The United States beat Singapore by 2.1 points.
If the World Economic Forum's Global Competitive Index 2018 is anything to go by, Singapore could improve on business dynamism, and innovation capability to beat the global powerhouse that is the United States. The US topped the index with a score of 85.6, effectively beating Singapore which scored 83.5.
Despite its second place finish, it could still be regarded as an improvement as Singapore was previously ranked third in the 2017 version of the index.
The study found that Singapore, alongside Germany, Netherlands, Sweden, Finland, and the United States are amongst the most open economies in the world. Aside from embracing trade, WEF said that open economies are welcoming of people’s movement and ideas exchange.
“More open economies are more innovative and their markets more competitive,” the report noted. “However, whilst openness has been a ‘win-win’ between countries it is at times a ‘win-lose’ within countries.
According to the report, attempting to address inequality by reversing globalisation is counterproductive for sustained economic growth.

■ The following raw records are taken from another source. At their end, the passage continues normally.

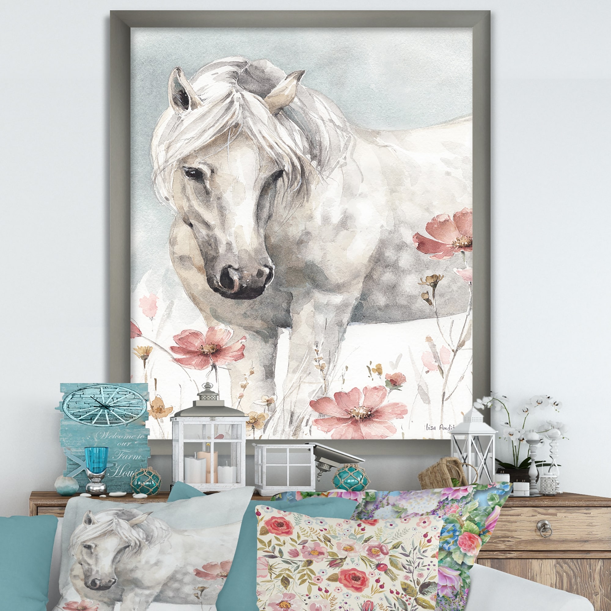 Designart "Portrait of a Light Blue Horse" Farmhouse Framed Canvas Wall Art Print
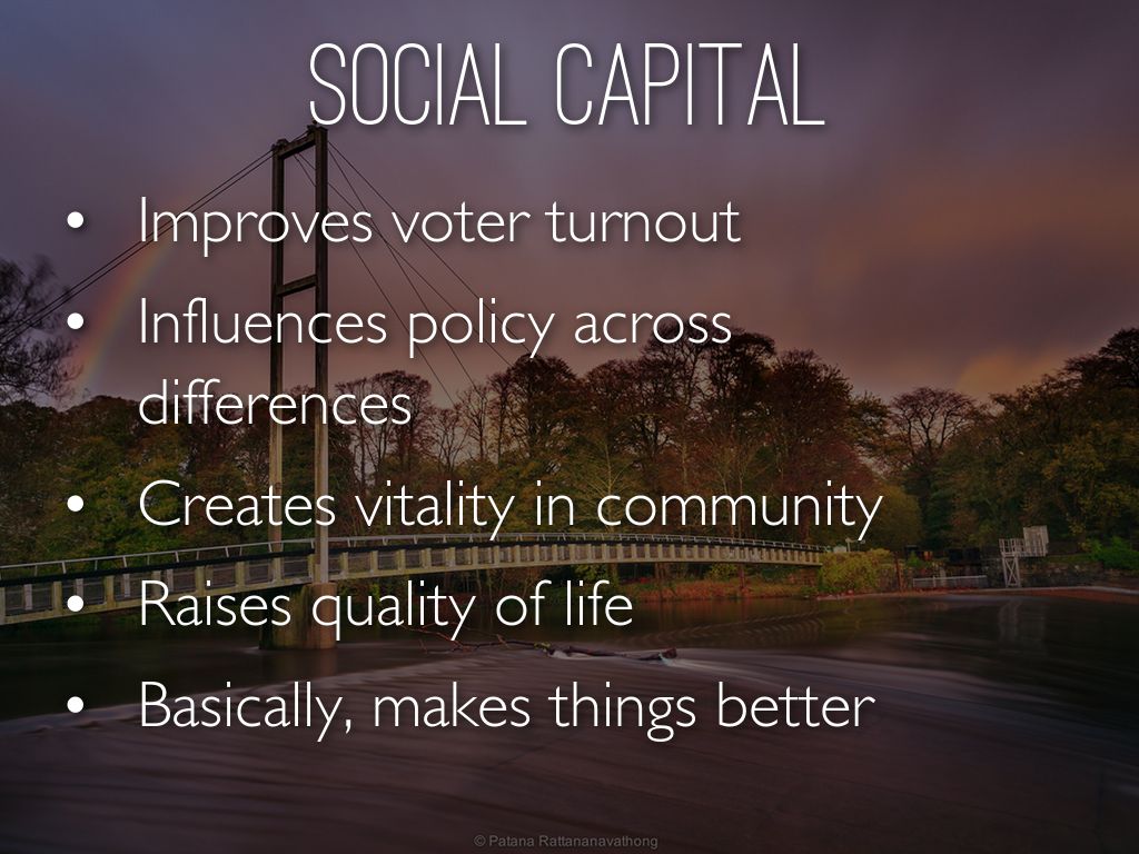 Social Capital is the collective value of all your networks (who you know) and the inclination of these to do things for one another. (Harvard Kennedy School)
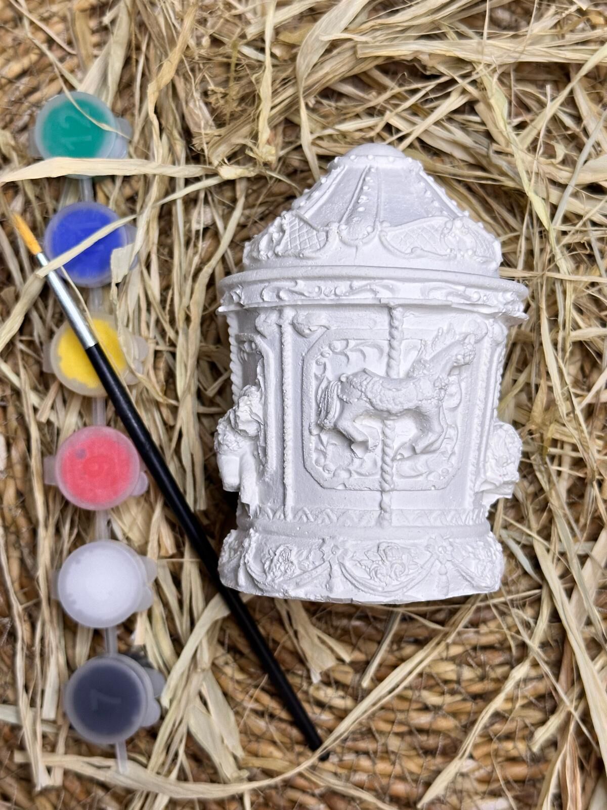 Atlıkarınca formundaki alçı figür, yanında gelen 6'lı boya ve fırçası ile birlikte.

Aside from the republic’s openness, the study also found that the government of Singapore is the most ‘future-ready’, besting Luxembourg and even first placer US. The study looked into key features that could help countries to move forward during the Fourth Industrial Revolution (4IR) including the adaptability and agility of individuals, governments and businesses.
In terms of workforce diversity, the Lion City stood next to Canada as the most diverse workforce, placing better than the United States which placed third in the area.
The Lion City also bested the index in terms of Infrastructure pillar with a score of 95.7.
“In particular, it boasts world-class transport infrastructure, services and connectivity,” the study noted.
It also tops the product market pillar (81.2), where it leads the trade openness component. Moreover, Singapore also punches well above its weight in terms of market size, when taking into account imports (71.0, 27th globally).
For the health pillar, the country is hailed as the best, thanks to a healthy life expectancy of 74 years, ahead of Japan.
Meanwhile, the study found that Singapore still needs to improve its ecosystem further in order to upgrade from being a regional innovation house into a global powerhouse. This can be done if it improves in the areas of skills (76) where its ranked 20th, business dynamism (74.7) where it ranked 16th, and innovation capability (75) where it ranked 14th.
Other Asian countries that made it to the top 10 are Japan and Hong Kong SAR at fifth and seventh places, respectively.